Wintersleep works twice as hard on the road

bighassle.com

It turns out that great albums can happen while you’re busy making other plans. Halifax’s Wintersleep wrote the bulk of their latest album, New Inheritors, while on tour. In addition to getting ready for their show each night, the band spent part of their soundcheck ironing out new songs. As you might expect, finding the time to do so is no easy task.

“It depends on the tour, it depends on how much time you have on stage to [sound]check before the show,” says bassist Mike Bigelow. “Once it’s time for the show, it’s got to be all songs that people already know, or [the songs] have got to be finished.”

Perhaps the band is able to produce new material this way because each member contributes as a songwriter.

 “It’s the first Wintersleep record with this lineup,” says Bigelow. “Everyone in the band also plays guitar and writes, maybe not even full songs, but [is] always writing music and working on stuff at home.”

This type of songwriting shows on the album. New Inheritors has a lot of variety. Just compare the first two singles: “Black Camera,” a minor key straight-ahead rock song, and “New Inheritors,” a slower vocal-driven song with folk undertones. Sometimes the polarity can be seen in a single song, like “Experience The Jewel,” a quiet, jazzy opening-track-turned-epic-overture.

Several songs have a darker feel than Wintersleep’s earlier work. However, Bigelow claims that wasn’t the band’s intent.

“I’m not denying it, but I also don’t think we went in with a conscious effort to make a dark rock album,” he says.

In terms of the content, Bigelow says that on songs like “Black Camera,” it’s up to the listener to come up with their own meaning.

“When it comes to Paul’s lyrics he doesn’t talk about them too much and we don’t really ask,” he jokes. “Paul’s a very interesting writer in a lot of ways and we all respect and admire his lyricism for sure.”

Wintersleep are currently working their way across Canada and the northern United States with the Besnard Lakes. When playing live, the band carefully plans their set list to balance heavier rock songs with their quieter pop tracks.

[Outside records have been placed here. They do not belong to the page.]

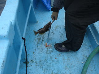 すぐ釣れるのでクーラーボックスに入れる間もなく、そのまま置いておくとタラが自分から動いていきますね。
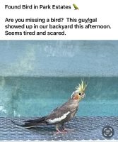 Safe, eating well, has not been out long and is a juvenile. Gray head, muted orange cheeks, gray and yellow head feathers
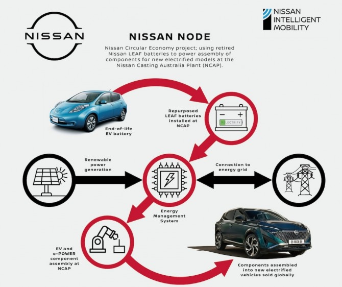 닛산 오스트레일리아는 오래된 리프 배터리의 현지 재사용을 위해 멜버른에 기반을 둔 더 노드 프로젝트(The Node Project)와 협력했다.
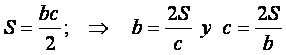 1. Calcular los catetos en función de la hipotenusa y el área.
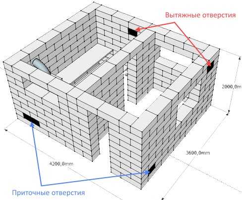 - В стенке за печью на высоте 20 см от поверхности пола сделать отдушину, поперечные размеры которой должны иметь 10-20 см. Второе отверстие формируют на противоположной стене, располагая его по диагонали к первой отдушине за печью на 20 см ниже уровня потолка.
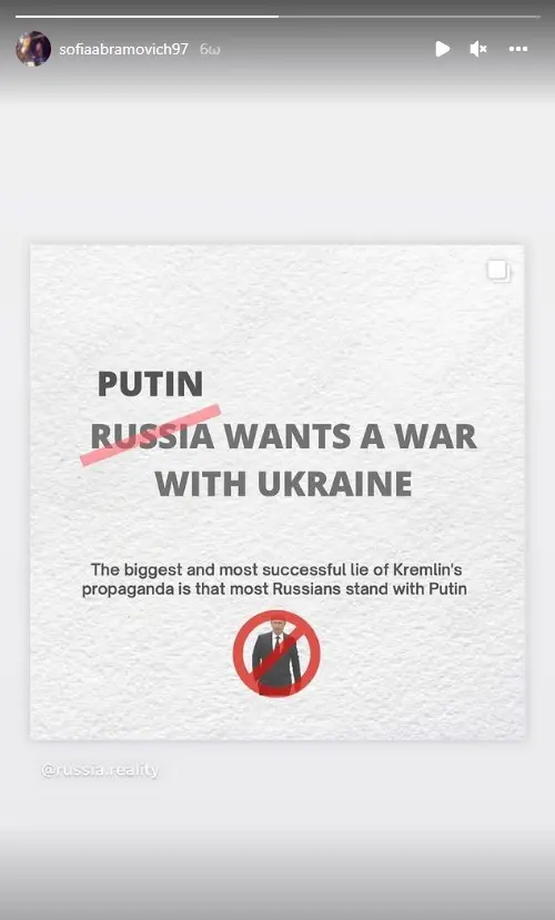 Επίσης η κόρη του Ρόμαν Αμπράμοβιτς, Σοφία, αντέδρασε έντονα μετά την εισβολή της Ρωσίας στην Ουκρανία. Η 27χρονη Σοφία Αμπράμοβιτς, που περνά μεγάλο μέρος της ζωής της στο Λονδίνο, ανέβασε φωτογραφία στο Instagram που δείχνει τον Ρώσο ηγέτη. Στη φωτογραφία έγραψε: «Το μεγαλύτερο και πιο επιτυχημένο ψέμα της προπαγάνδας του Κρεμλίνου είναι ότι οι περισσότεροι Ρώσοι στέκονται στο πλευρό του Πούτιν».

“Lately we’ve been trying to play these two or three songs in a row that are all in the same tuning, and we can bang them out pretty quickly,” Bigelow says. “It’s fun to start the show out with two or three bangin’ rockers and then you can kind of take it in a different direction.”

Live, the band have also been trying to recreate some of the trickier sounds on the album, like the multiple layers at the end of “Baltic.” However, Bigelow says that their use of things like samplers is kept to a minimum on stage.

 After releasing their third album, Welcome to the Night Sky, the band won the 2008 Juno Award for New Group of the Year, but they haven’t let the award go to their heads.

“We’ve always worked really hard and toured a lot, if there is outside expectation we don’t really feel it because we’re on tour,” Bigelow says. “Wintersleep’s never been a band that had this big record and that was it, not ‘it’ of their career, but [that] just kind of skyrockets them. [For us] it’s always been a constant progression, which I think we prefer. I think that’s a better route.”

Wintersleep is playing Cabaret Mile End with the Besnard Lakes and Rah Rah on October 30.